Link State Operation – Exclusive Explanation
Link state is the most used routing protocol; therefore, the link state operation is essential for networking students. In this article, we are discussing the link state operation. Link State Routing protocols reduce broadcast traffic as they do not send periodic updates. It also does not send entire routing tables with each broadcast.
Link state only exchanges entire routing tables during initialization. After initialization, routing updates are only multicast when a change occurs. It also sends only the change in the update, not the entire routing table. The changes in the topology are flooded immediately and computed in parallel. If no changes occur, they do not generate any periodic updates.
The event-triggered updates improve network convergence time because on the event required, the router sends an update message right away. An event such as a new link installation or an existing link failing or removed triggers the link-state update when link-state changes occur.
The link-state protocols support VLSM, which enables routers to recognize and forward traffic to subnets within a network. The link-state updates also include the subnet mask, which allows a router to identify the exact subnet to forward traffic.
All Link State protocols build and maintain three types of tables called databases: The Adjacency database, the Link State database, and the Forwarding database. To maintain routing information, OSPF routers do the following generic link-state operation to achieve a state of convergence:
Establish Neighbor Adjacencies
All OSPF-enabled routers must establish Neighbor Adjacencies and relationships with one another. The OSPF-enabled routers must recognize each other on the network before sharing information. Adjacent routers establish this relationship using the exchange of hello packets.
OSPF enables routers to send hello packets to all OSPF enabled interfaces, as shown in the figure below.

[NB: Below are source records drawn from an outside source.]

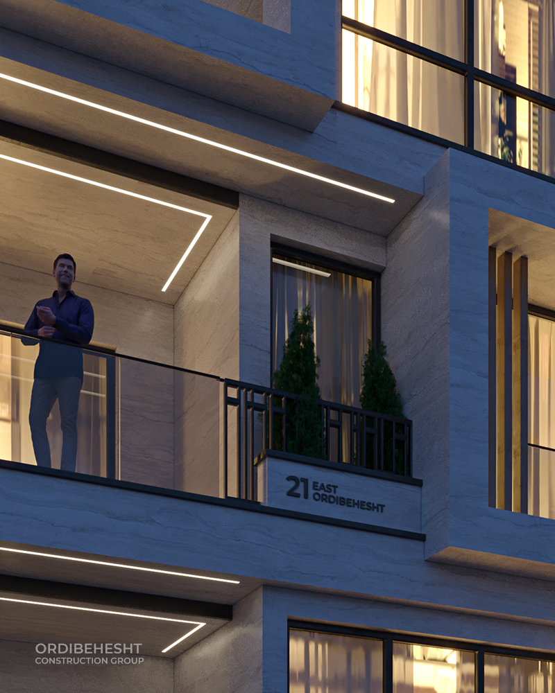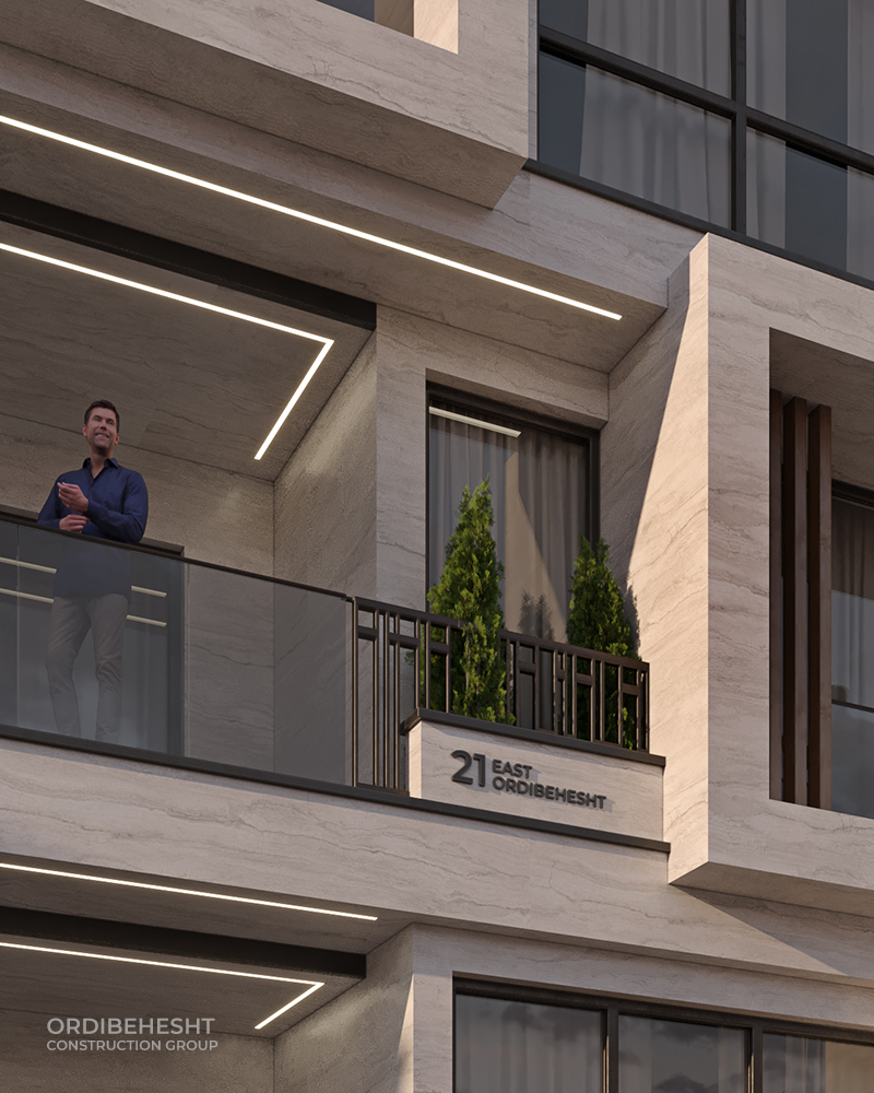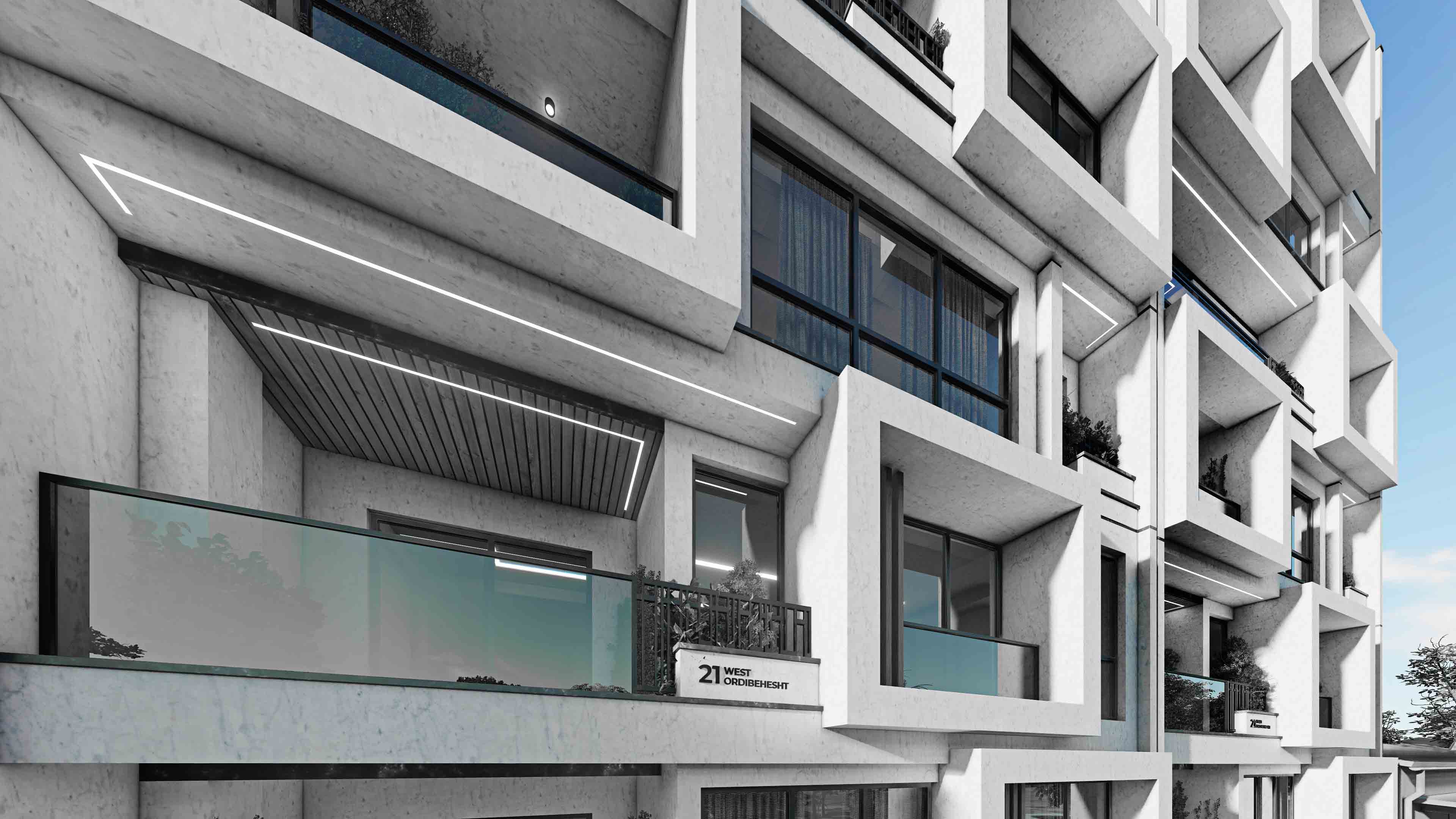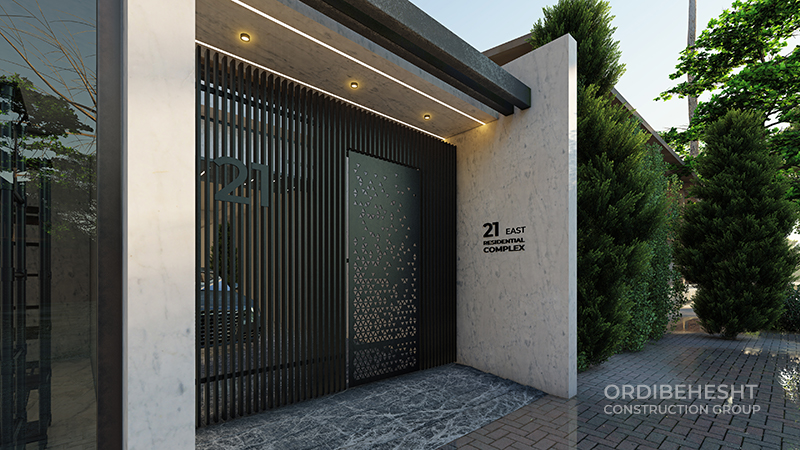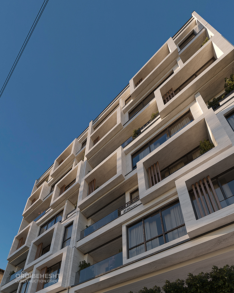 مجتمع مسکونی ۲۱، ترکیبی از دو ساختمان دو قلوی مستقل، با رویکردی مدرن در طراحی و سازماندهی فضایی، تجربهای متفاوت از سکونت شهری را ارائه میدهد. این مجموعه شامل دو بلوک شرقی و غربی است که هر یک دارای ۶ طبقه و در مجموع ۶ واحد مسکونی هستند. تفکیک ورودیهای هر ساختمان، علاوه بر افزایش حس حریم خصوصی، به ساکنان اجازه میدهد تا بدون تداخل، تجربهای اختصاصی از فضاهای ورودی و مشاعات خود داشته باشند.
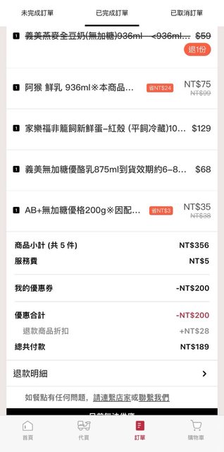 上禮拜天看了這篇文第一次用foodomo 覺得APP跟uber比起來比較卡一點 看在家樂福400折200的份上還是用了 整體購物流程還可以 產品沒有比較貴 阿猴鮮奶特價75跟現場一樣價錢 我自己是買家裡常喝的奶類為主 但大家要注意一點 如果商品有缺貨他退款只會部分退款 不是完整退款 https://i.imgur.com/L6owp6m.jpeg
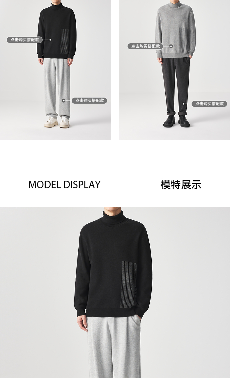 墨麦客男装 远红外升温 高领毛衣冬季新款蓄热保暖套头针织衫。
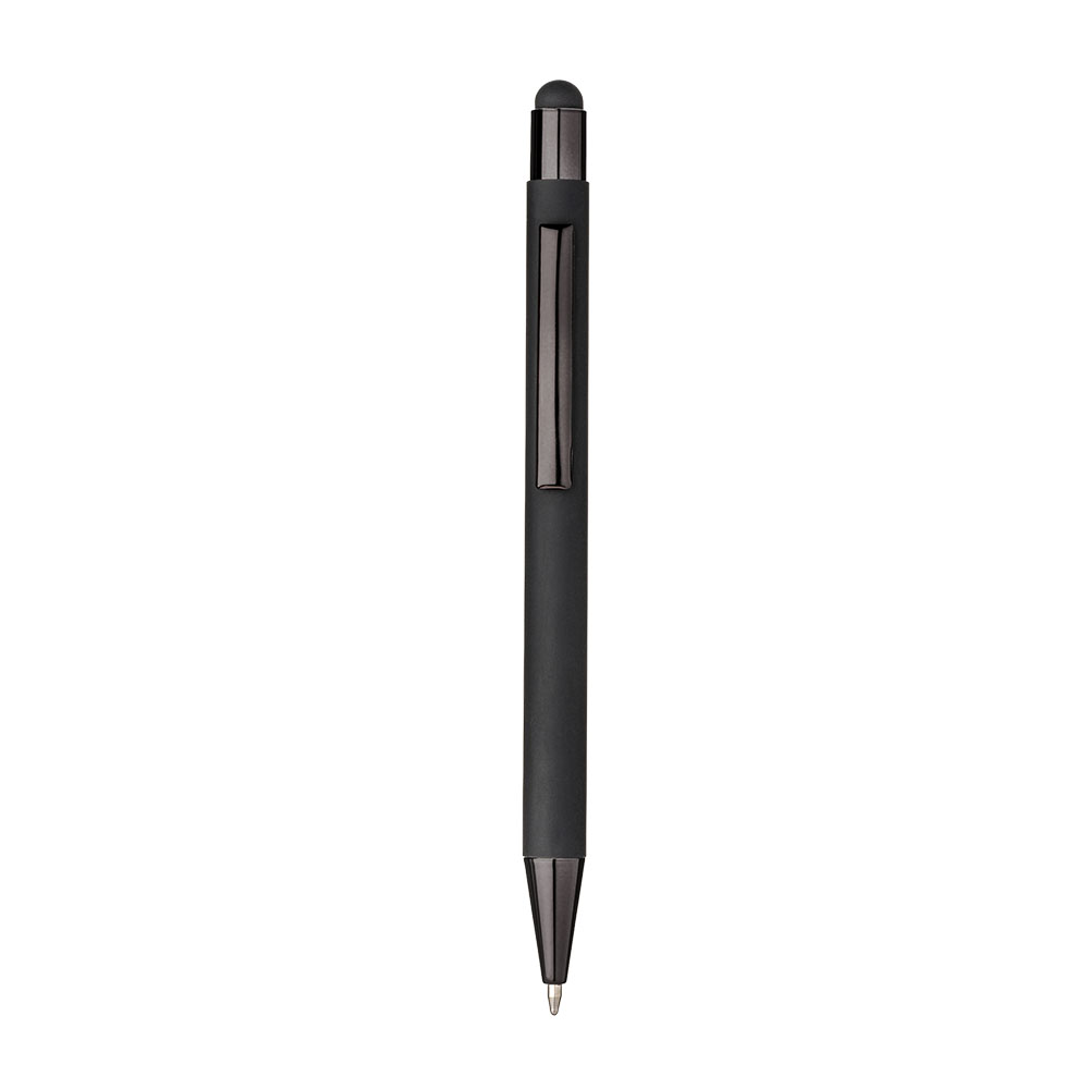 Penna a scatto in alluminio gommato. Clip e particolari metallizzati in tinta
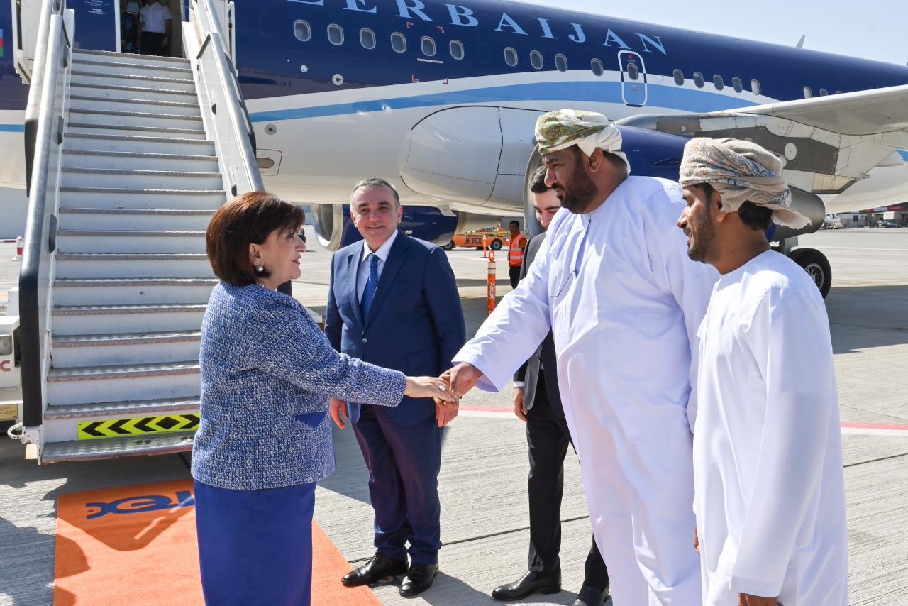 Məsqət Beynəlxalq Hava Limanında Milli Məclisin sədrinin başçılıq etdiyi parlament nümayəndə heyətini Oman Sultanlığı Şura Məclisinin Azərbaycanla parlament dostluq qrupunun üzvü Məhəmməd bin Salim Əs-Süleymani, Şura Məclisinin üzvləri, Azərbaycanın Omandakı səfiri Rəşad İsmayılov və digər rəsmi şəxslər qarşılayıblar.
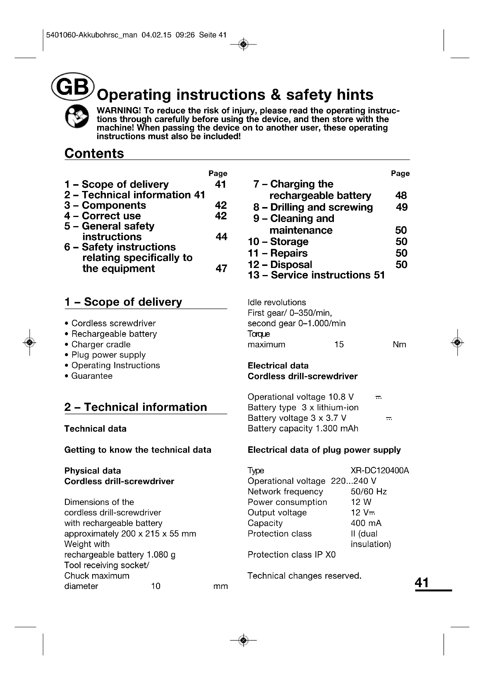 Capacity 400 mAProtection class II (dualinsulation)Protection class IP X0Technical changes reserved. Page 1 – Scope of delivery 41 2 – Technical information 41 3 – Components 42 4 – Correct use 42 5 – General safety instructions 44 6 – Safety instructions relating specifically to the equipment 47 Page 7 – Charging the rechargeable battery 48 8 – Drilling and screwing 49 9 – Cleaning and maintenance 50 10 – Storage 50 11 – Repairs 50 12 – Disposal 50 13 – Service instructions 51 Contents Operating instructions & safety hints WARNING! To reduce the risk of injury, please read the operating instruc-tions through carefully before using the device, and then store with themachine! When passing the device on to another user, these operatinginstructions must also be included!
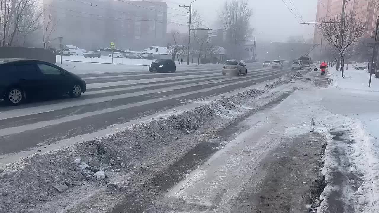 Например, на видео - 60 лет Октября и Калинина. Мороз - морозом, а снег убирать надо!
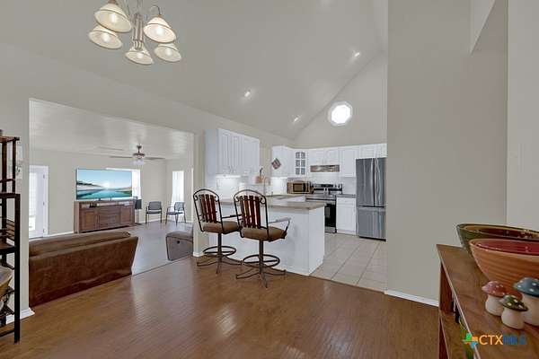 - All Bedrooms Down, Breakfast Bar, Ceiling Fans, High Ceilings, Kitchen Dining Combo, Kitchen Family Room Combo, Multiple Living Areas, Open Floorplan, Pantry
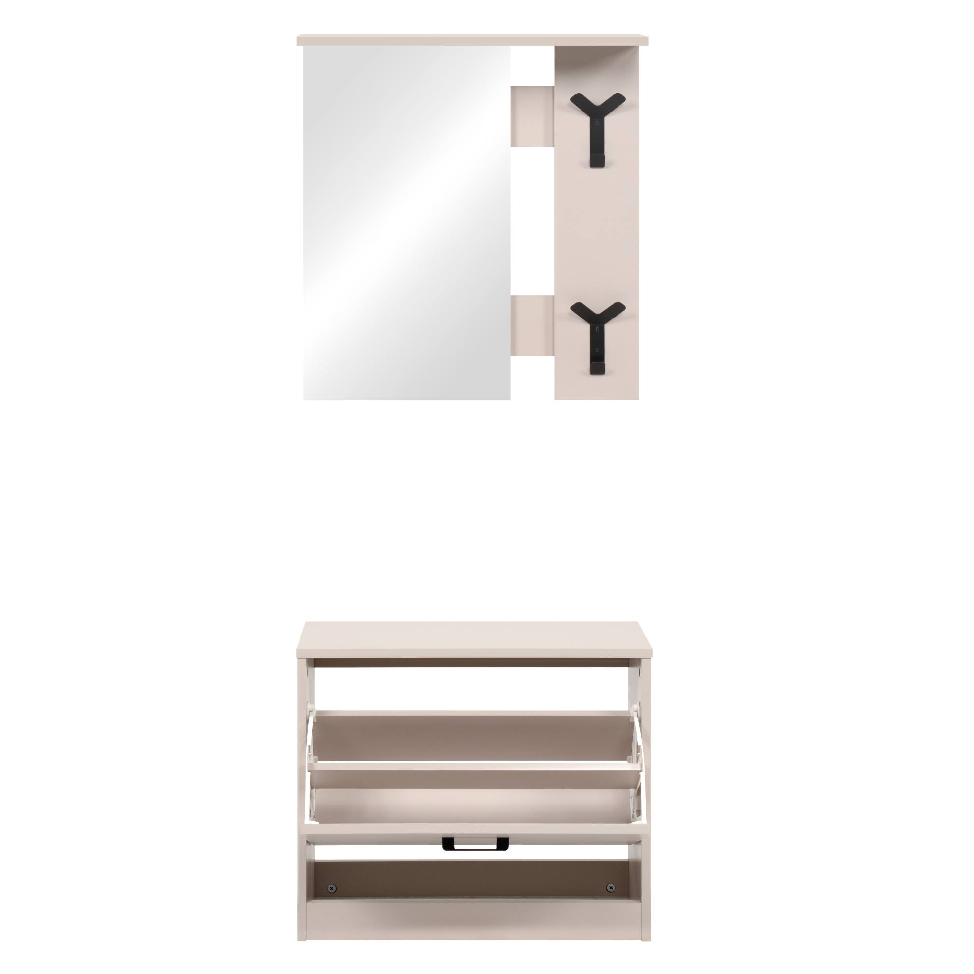 - Zostava zložená zo skrinky na topánky a nástenného panelu
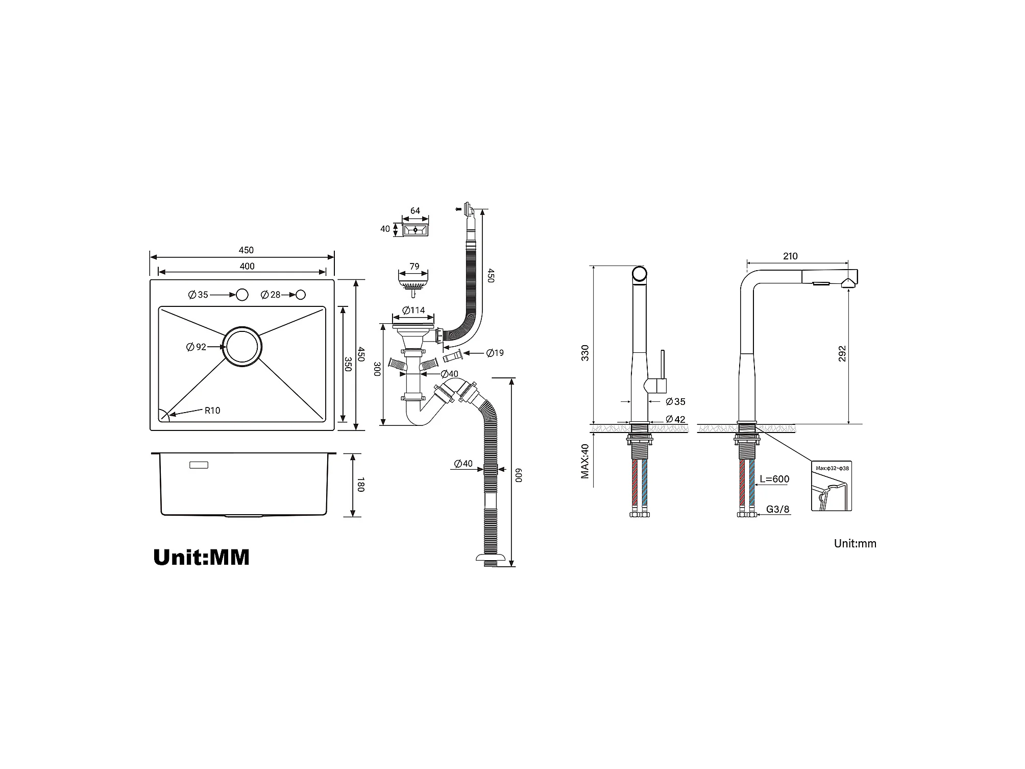 Évier Cuisine 1 Bac 45x45CM Acier Inoxydable 304 ,encastré et à Poser+Mitigeur Cuisine avec Douchette Extractible Rotatif 360°,Brossé

The routers build the adjacency table using these hello packets. Within hello messages packets, routers announce themselves and also identify directly connected links and the state of these links.
Exchange of LSAs
Once the adjacency relationship is completed, the routers exchange link-state advertisements (LSAs). LSAs contain the router’s state and the cost of each directly connected link. Each router floods its LSA to adjacent neighbors.
The adjacent neighbours which receive the LSA, immediately flood the LSA to other directly connected neighbours without any changes, the process is continued until all routers in the area received all routers LSA. The figure below illustrates the exchange of LSAs
Building a Link state database (LSDB)
After exchanging LSAs, each router builds a topology table or link-state database (LSDB) and places itself in the root position. This database holds all information about the network’s topology.
SPF Tree
After building a Link State database on all the routers, the routing protocol executes the SPF Algorithm (Dijkstra’s algorithm). The SPF algorithm creates the SPF tree for each router based on LSDB. The SPF tree includes each possible path to the destination with its cost. The figure below illustrates the SPF tree.
Forwarding Database
From the SPF tree, the best paths are inserted into the routing table, also known as the forwarding database, and the router makes routing decisions based on entries in the routing table.